Among the entries below, which lines run from the line with "As far as PORR" through the line with "从目前两票制的推行进展看,是"? Retype those, both ends included, exactly and without pictures.

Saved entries
++++++++++
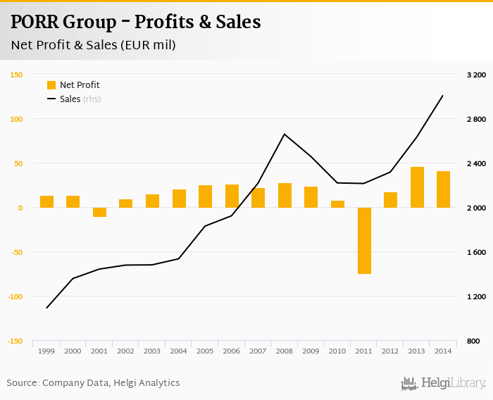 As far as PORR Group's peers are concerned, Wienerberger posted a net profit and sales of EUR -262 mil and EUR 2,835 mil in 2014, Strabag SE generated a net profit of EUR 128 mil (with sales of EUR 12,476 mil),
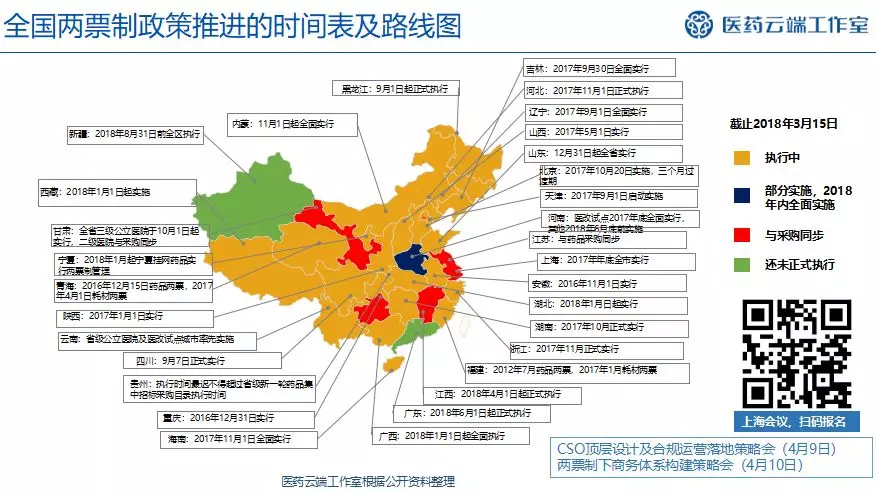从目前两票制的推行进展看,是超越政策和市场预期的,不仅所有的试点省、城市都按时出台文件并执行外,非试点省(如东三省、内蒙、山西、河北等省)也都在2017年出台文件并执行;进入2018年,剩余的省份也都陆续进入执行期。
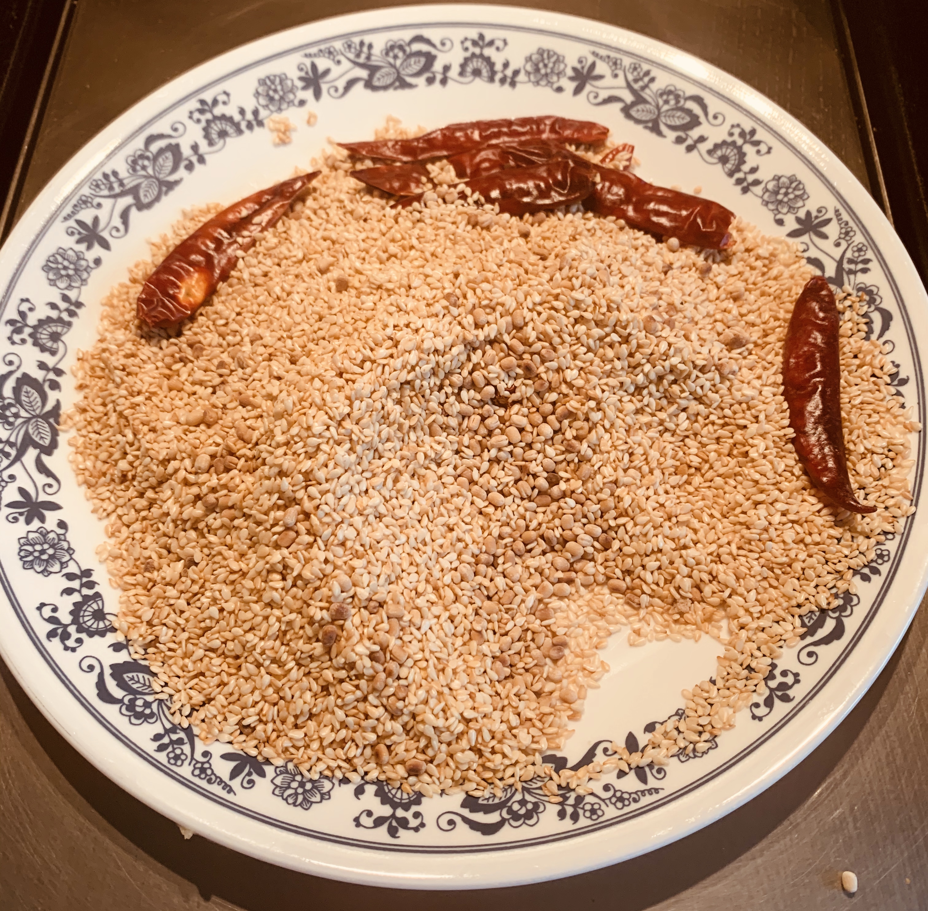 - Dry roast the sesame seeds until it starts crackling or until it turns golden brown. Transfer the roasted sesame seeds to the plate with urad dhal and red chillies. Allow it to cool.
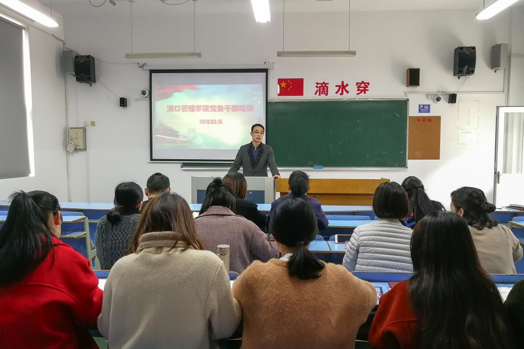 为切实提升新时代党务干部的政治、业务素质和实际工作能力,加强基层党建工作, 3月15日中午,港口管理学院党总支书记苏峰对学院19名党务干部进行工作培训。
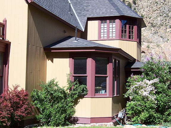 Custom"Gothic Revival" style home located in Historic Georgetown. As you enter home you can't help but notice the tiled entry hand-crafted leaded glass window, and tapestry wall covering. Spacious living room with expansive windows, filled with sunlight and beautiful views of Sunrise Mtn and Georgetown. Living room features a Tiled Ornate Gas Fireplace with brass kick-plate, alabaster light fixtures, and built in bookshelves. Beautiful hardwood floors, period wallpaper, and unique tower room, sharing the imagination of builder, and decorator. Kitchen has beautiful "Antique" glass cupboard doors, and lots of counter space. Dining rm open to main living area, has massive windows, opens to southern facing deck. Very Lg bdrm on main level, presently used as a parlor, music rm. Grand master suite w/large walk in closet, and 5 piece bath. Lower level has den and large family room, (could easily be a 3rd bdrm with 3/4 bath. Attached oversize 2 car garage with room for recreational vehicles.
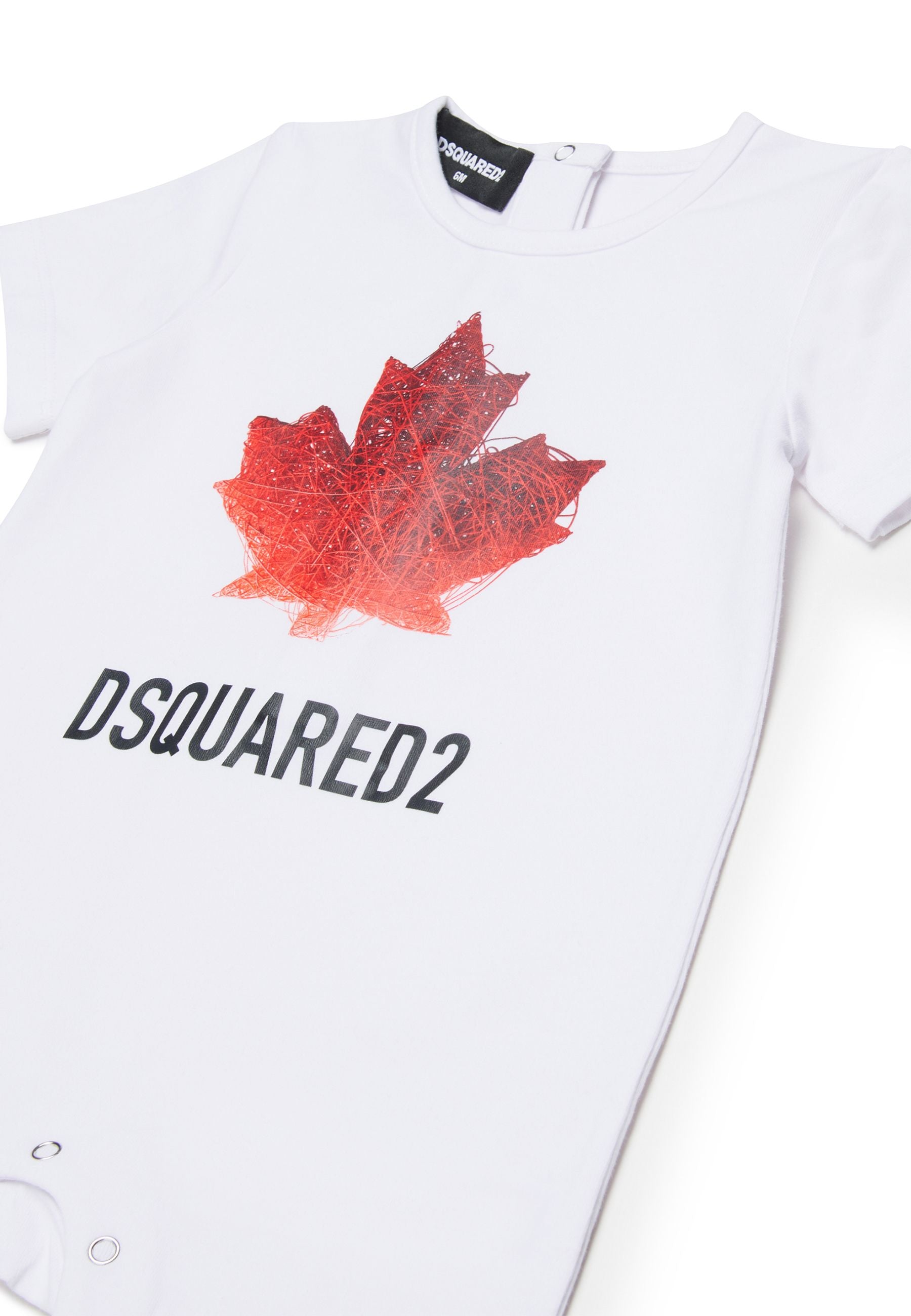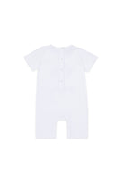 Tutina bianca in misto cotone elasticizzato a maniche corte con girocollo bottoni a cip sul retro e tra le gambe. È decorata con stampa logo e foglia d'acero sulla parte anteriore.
++++++++++
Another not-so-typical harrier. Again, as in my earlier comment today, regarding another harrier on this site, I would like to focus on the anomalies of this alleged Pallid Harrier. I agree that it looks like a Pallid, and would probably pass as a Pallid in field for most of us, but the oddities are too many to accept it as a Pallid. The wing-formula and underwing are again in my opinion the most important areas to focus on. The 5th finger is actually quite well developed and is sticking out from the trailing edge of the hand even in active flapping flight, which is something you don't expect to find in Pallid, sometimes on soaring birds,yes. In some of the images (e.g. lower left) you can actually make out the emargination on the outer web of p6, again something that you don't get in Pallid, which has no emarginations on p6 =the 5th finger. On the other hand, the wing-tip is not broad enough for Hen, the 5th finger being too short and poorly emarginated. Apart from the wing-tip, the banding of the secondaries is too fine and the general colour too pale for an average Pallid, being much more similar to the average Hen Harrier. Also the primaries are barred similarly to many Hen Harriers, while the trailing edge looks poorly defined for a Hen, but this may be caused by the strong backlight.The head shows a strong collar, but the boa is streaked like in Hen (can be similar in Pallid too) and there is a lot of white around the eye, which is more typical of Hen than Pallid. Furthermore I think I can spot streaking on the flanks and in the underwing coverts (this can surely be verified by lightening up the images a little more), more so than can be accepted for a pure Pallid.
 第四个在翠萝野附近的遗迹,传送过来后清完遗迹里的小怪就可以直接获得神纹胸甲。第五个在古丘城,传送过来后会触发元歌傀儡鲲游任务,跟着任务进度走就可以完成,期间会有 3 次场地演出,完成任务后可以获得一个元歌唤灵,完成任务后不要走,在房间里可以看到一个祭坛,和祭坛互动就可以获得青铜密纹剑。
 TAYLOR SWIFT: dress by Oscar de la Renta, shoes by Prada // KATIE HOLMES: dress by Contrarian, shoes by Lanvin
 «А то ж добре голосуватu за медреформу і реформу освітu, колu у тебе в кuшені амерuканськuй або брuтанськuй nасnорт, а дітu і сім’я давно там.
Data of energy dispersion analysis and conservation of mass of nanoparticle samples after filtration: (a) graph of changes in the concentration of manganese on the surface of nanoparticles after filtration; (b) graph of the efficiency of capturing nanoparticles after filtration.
++++++++++
● **OUTPUT OF THE TASK**:
 As far as PORR Group's peers are concerned, Wienerberger posted a net profit and sales of EUR -262 mil and EUR 2,835 mil in 2014, Strabag SE generated a net profit of EUR 128 mil (with sales of EUR 12,476 mil),
从目前两票制的推行进展看,是超越政策和市场预期的,不仅所有的试点省、城市都按时出台文件并执行外,非试点省(如东三省、内蒙、山西、河北等省)也都在2017年出台文件并执行;进入2018年,剩余的省份也都陆续进入执行期。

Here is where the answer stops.